*Try it*
Please repeat exactly the lines below from the line with "Een heerlijke Indiase" to the line with "Norbert Gabla - Bandoneon, Komposition", including both, and leave out every picture.

━━ Information supplied ━━

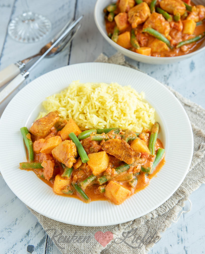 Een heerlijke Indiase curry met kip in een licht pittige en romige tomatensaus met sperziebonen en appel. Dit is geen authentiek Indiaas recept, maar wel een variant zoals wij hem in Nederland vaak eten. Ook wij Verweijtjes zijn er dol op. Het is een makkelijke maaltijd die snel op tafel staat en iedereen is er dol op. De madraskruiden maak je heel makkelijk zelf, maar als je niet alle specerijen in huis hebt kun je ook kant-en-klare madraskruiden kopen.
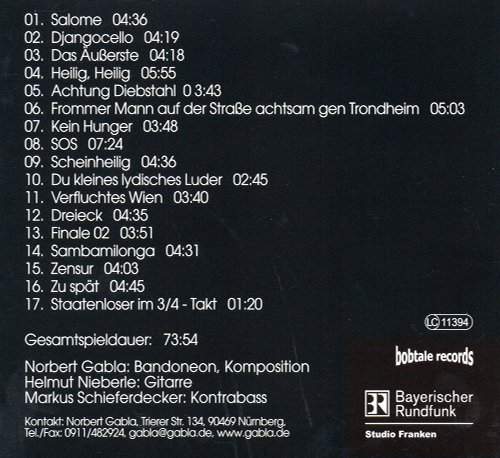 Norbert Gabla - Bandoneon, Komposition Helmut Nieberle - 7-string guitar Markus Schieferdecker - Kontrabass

━━━
━━ Information supplied ━━

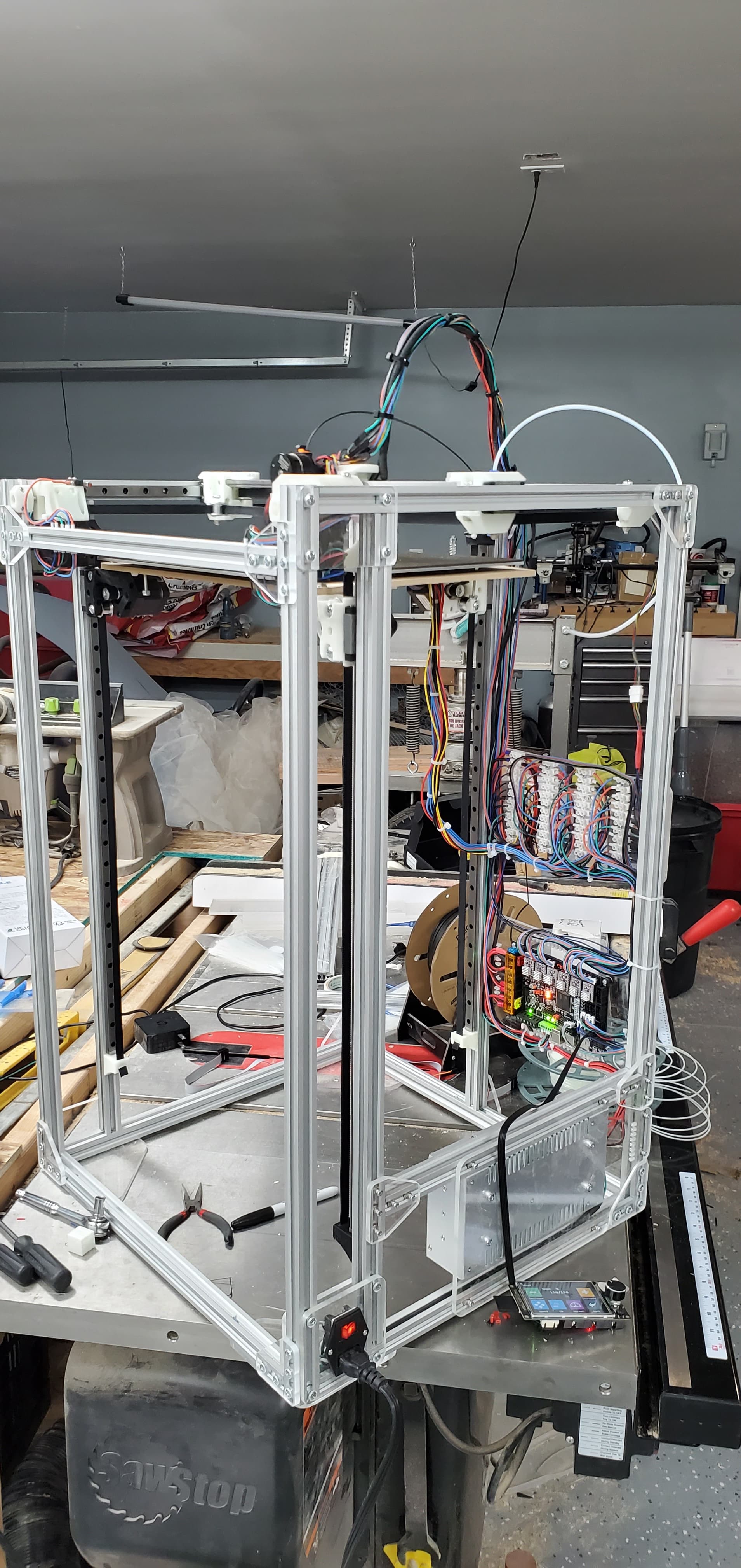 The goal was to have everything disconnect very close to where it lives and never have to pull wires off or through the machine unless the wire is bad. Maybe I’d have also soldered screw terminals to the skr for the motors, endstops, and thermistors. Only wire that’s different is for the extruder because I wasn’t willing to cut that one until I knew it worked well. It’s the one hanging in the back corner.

━━━

*Answer for this exercise*
 Een heerlijke Indiase curry met kip in een licht pittige en romige tomatensaus met sperziebonen en appel. Dit is geen authentiek Indiaas recept, maar wel een variant zoals wij hem in Nederland vaak eten. Ook wij Verweijtjes zijn er dol op. Het is een makkelijke maaltijd die snel op tafel staat en iedereen is er dol op. De madraskruiden maak je heel makkelijk zelf, maar als je niet alle specerijen in huis hebt kun je ook kant-en-klare madraskruiden kopen.
 Norbert Gabla - Bandoneon, Komposition Helmut Nieberle - 7-string guitar Markus Schieferdecker - Kontrabass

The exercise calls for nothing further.